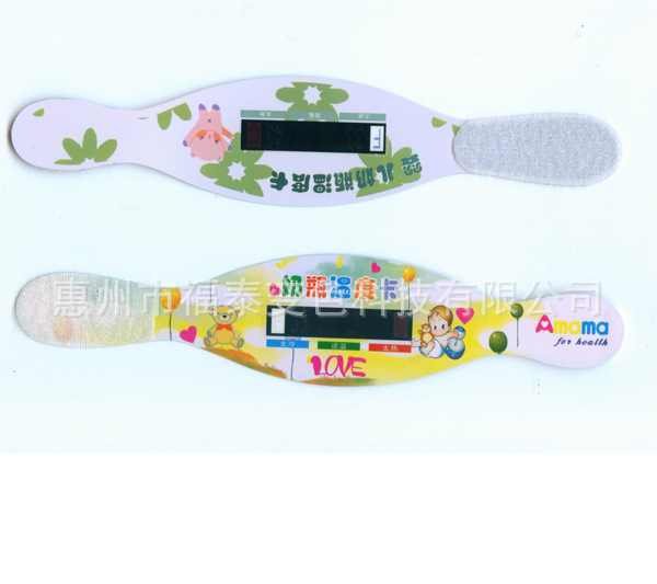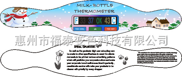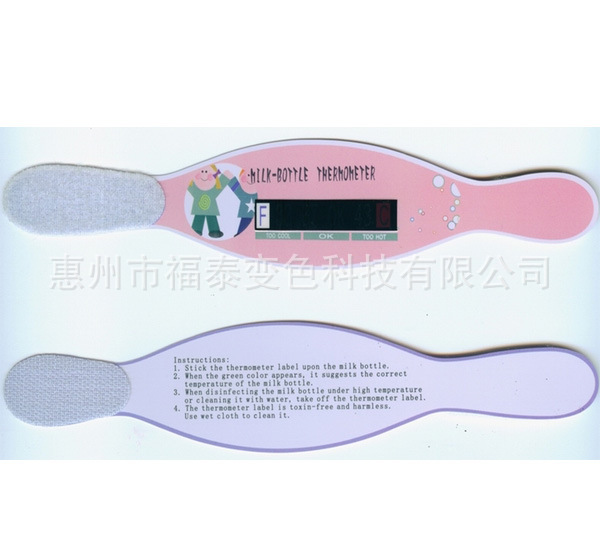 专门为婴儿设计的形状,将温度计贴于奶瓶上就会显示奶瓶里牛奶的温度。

---

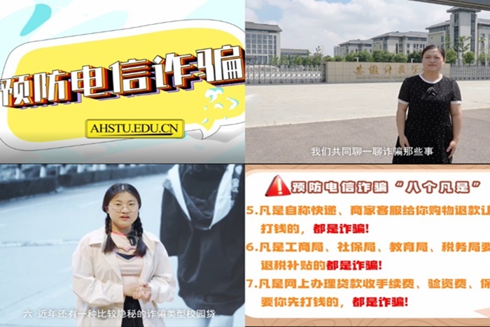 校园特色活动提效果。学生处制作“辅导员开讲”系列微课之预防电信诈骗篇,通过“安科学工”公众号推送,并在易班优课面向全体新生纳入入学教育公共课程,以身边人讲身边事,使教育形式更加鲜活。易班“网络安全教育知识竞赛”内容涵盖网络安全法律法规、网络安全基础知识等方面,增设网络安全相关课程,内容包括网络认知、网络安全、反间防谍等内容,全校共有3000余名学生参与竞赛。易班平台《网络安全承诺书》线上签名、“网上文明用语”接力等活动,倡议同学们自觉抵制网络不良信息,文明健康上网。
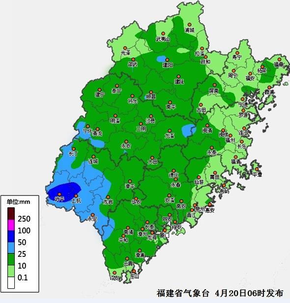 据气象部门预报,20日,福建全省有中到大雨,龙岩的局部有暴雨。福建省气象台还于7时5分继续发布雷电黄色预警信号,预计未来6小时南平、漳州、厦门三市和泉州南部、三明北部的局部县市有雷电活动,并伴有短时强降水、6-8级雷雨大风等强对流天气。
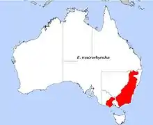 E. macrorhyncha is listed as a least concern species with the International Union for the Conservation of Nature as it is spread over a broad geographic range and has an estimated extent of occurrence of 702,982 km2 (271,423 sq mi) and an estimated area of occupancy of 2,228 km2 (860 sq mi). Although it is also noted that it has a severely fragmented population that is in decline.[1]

* What the task asks *
Each line from the one that contains "据气象部门预报,20日,福建" down to the one that contains "E. macrorhyncha is" is to be returned exactly as it stands above, both ends included, with pictures removed.

* Output of the exercise *
 据气象部门预报,20日,福建全省有中到大雨,龙岩的局部有暴雨。福建省气象台还于7时5分继续发布雷电黄色预警信号,预计未来6小时南平、漳州、厦门三市和泉州南部、三明北部的局部县市有雷电活动,并伴有短时强降水、6-8级雷雨大风等强对流天气。
 E. macrorhyncha is listed as a least concern species with the International Union for the Conservation of Nature as it is spread over a broad geographic range and has an estimated extent of occurrence of 702,982 km2 (271,423 sq mi) and an estimated area of occupancy of 2,228 km2 (860 sq mi). Although it is also noted that it has a severely fragmented population that is in decline.[1]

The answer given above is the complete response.